[Dataset section Boundary: Start]

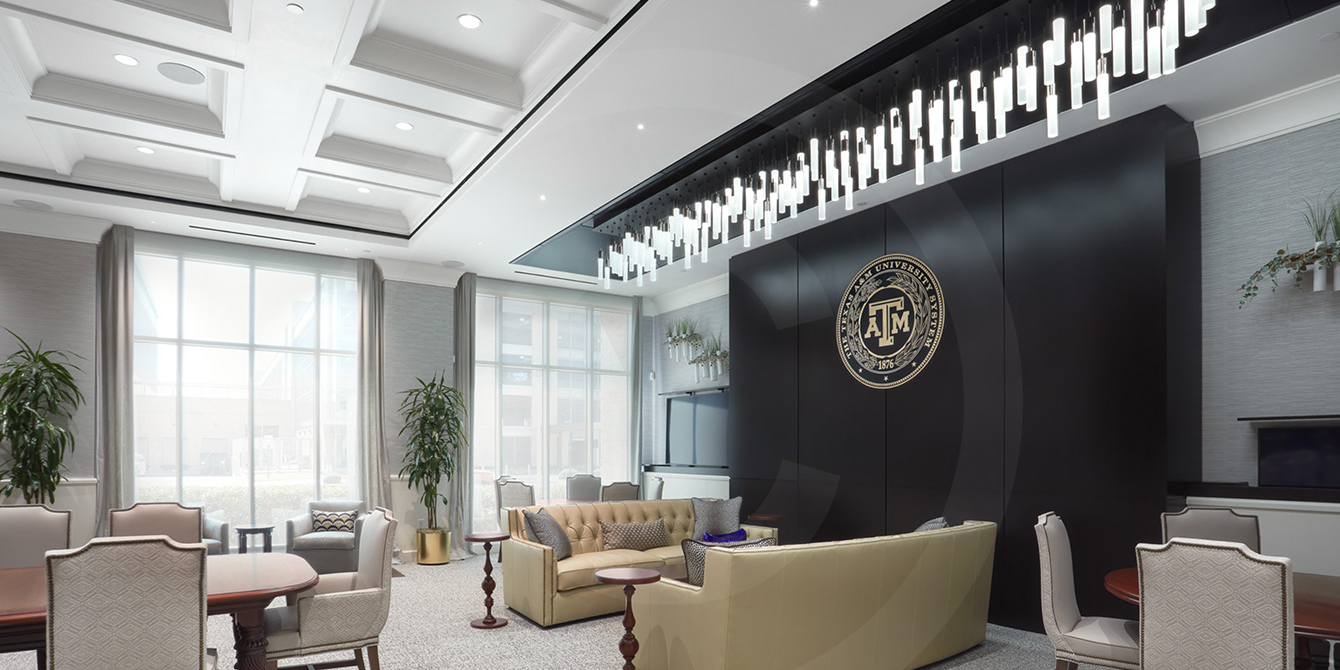 Pour ce projet de centre commémoratif étudiant, le lustre sur mesure Cassandra brille comme un bijou, emplissant la salle de son éclat. Sa lumière est plus qu’un éclairage : c’est un signe de distinction, un ornement qui élève l’espace et reflète l’esprit de l’université avec une sophistication intemporelle.
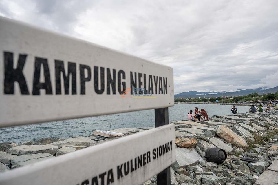 Pengunjung menikmati suasana sore saat berlibur di Pantai Kampung Nelayan di Palu, Sulawesi Tengah, Kamis (11/4/2024).
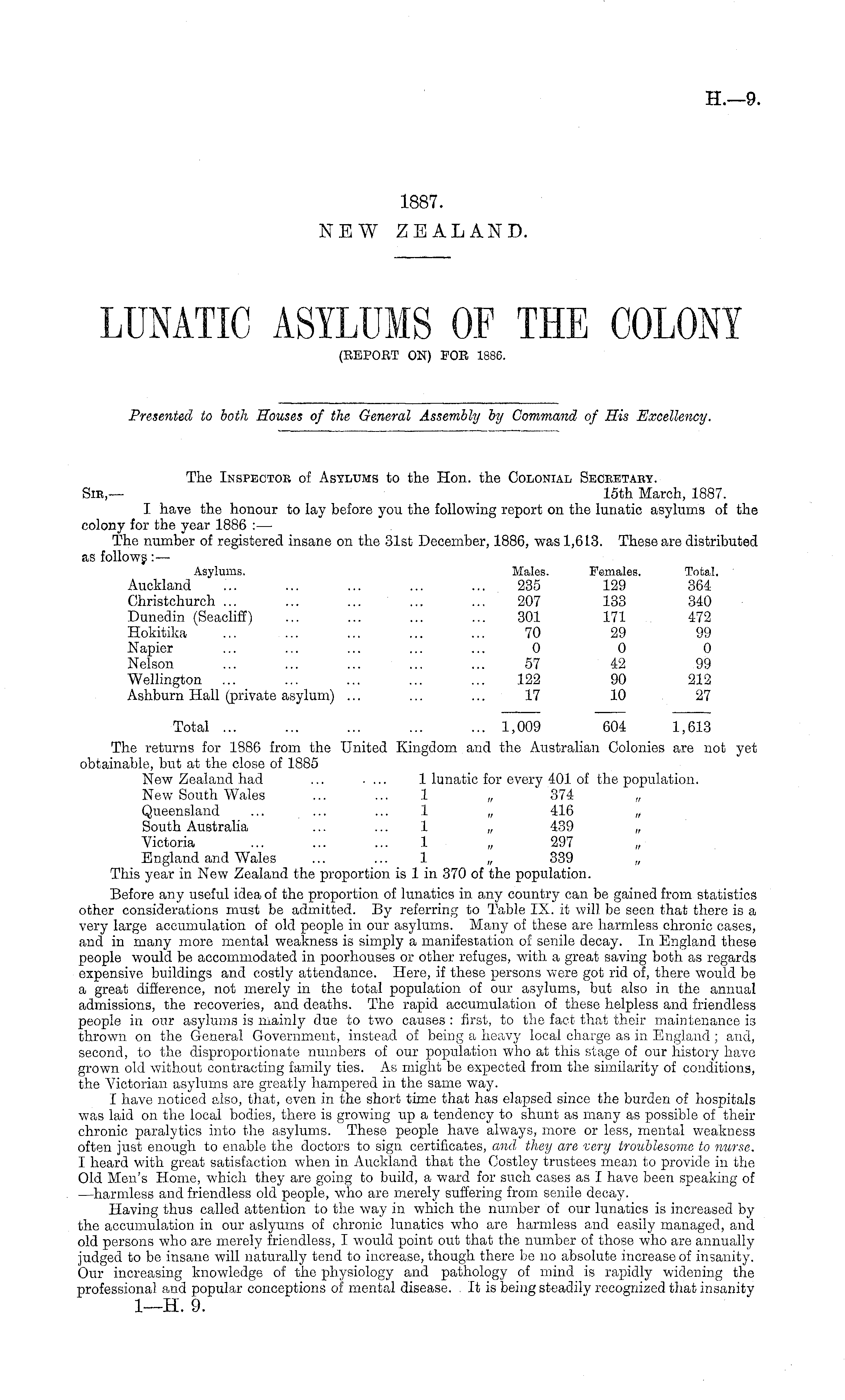 The Inspector of Asylums to the Hon. the Colonial Secretary. Sir — 15th March, 1887. I have the honour to lay before you the following report on the lunatic asylums of the colony for the year 1886 : — The number of registered insane on the 31st December, 1886, was 1,613. These are distributed as followj : — Asylums. Males. Females. Total. Auckland ... ... ... ... ... 235 129 364 Christchurch ... ... ... ... ... 207 133 340 Dunedin (Seaeliff) ... ... ... ... 301 171 472 Hokitika ... ... ... ... ... 70 29 99 Napier ... ... ... ... ... 0 0 0 Nelson ... ... ... ... ... 57 42 99 Wellington ... ... ... ... ... 122 90 212 Ashburn Hall (private asylum) ... ... ... 17 10 27 Total ... ... ... ... ... 1,009 604 1,613 The returns for 1886 from the United Kingdom and the Australian Colonies are not yet obtainable, but at the close of 1885 New Zealand had ... .... 1 lunatic for every 401 of the population. New South Wales ... ... 1 „ 374 Queensland ... ... ... 1 „ 416 „ South Australia ... ... 1 „ 439 „ Victoria ... ... ... 1 „ 297 „ England and Wales ... ... 1 „ 339 This year in New Zealand the proportion is 1 in 370 of the population. Before any useful idea of the proportion of lunatics in any country can be gained from statistics other considerations must be admitted. By referring to Table IX. it will be seen that there is a very large accumulation of old people in our asylums. Many of these are harmless chronic cases, and in many more mental weakness is simply a manifestation of senile decay. In England these people would be accommodated in poorhouses or other refuges, w xith a great saving both as regards expensive buildings and costly attendance. Here, if these persons were got rid of, there would be a great difference, not merely in the total population of our asylums, but also in the annual admissions, the recoveries, and deaths. The rapid accumulation of these helpless and friendless people in our asylums is mainly due to two causes : first, to the fact that their maintenance is thrown on the General Government, instead of being a heavy local charge as in England ; and, second, to the disproportionate numbers of our population who at this stage of our history have grown old without contracting family ties. As might be expected from the similarity of conditions, the Victorian asylums are greatly hampered in the same way. I have noticed also, that, even in the short time that has elapsed since the burden of hospitals was laid on the local bodies, there is growing up a tendency to shunt as many as possible of their chronic paralytics into the asylums. These people have always, more or less, mental weakness often just enough to enable the doctors to sign certificates, and they are very troublesome to nurse. I heard with great satisfaction when in Auckland that the Costley trustees mean to provide in the Old Men's Home, which they are going to build, a ward for such cases as I have been speaking of —harmless and friendless old people, who are merely suffering from senile decay. Having thus called attention to the way in which the number of our lunatics is increased by the accumulation in our aslyums of chronic lunatics who are harmless and easily managed, and old persons who are merely friendless, I would point out that the number of those who are annually judged to be insane w 7ill naturally tend to increase, though there be no absolute increase of insanity. Our increasing knowledge of the physiology and pathology of mind is rapidly widening the professional and popular conceptions of mental disease. . It is being steadilv recognized that insanity I—H. 9.
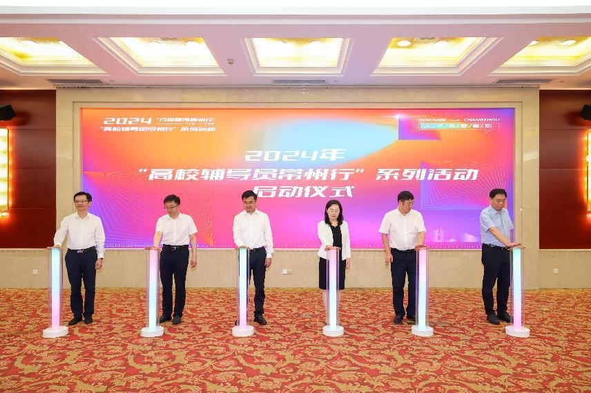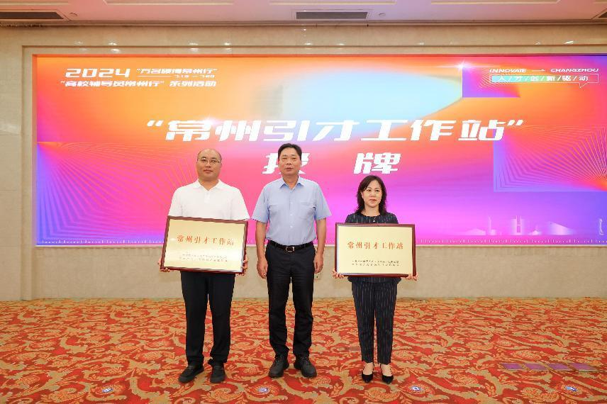启动仪式上,常州市人力资源和社会保障局党组书记、局长王竹林向sunbet申搏授予“常州引才工作站”牌,与会领导一同点亮按键,正式启动2024年“高校辅导员常州行”系列活动。

[Dataset section Boundary: End]

◆ **What is expected**
Leaving every picture out, write out exactly the lines from the beginning of the listing above to the line with "Pengunjung menikmati suasana", inclusive.

◆ **Answer to the exercise**
 Pour ce projet de centre commémoratif étudiant, le lustre sur mesure Cassandra brille comme un bijou, emplissant la salle de son éclat. Sa lumière est plus qu’un éclairage : c’est un signe de distinction, un ornement qui élève l’espace et reflète l’esprit de l’université avec une sophistication intemporelle.
 Pengunjung menikmati suasana sore saat berlibur di Pantai Kampung Nelayan di Palu, Sulawesi Tengah, Kamis (11/4/2024).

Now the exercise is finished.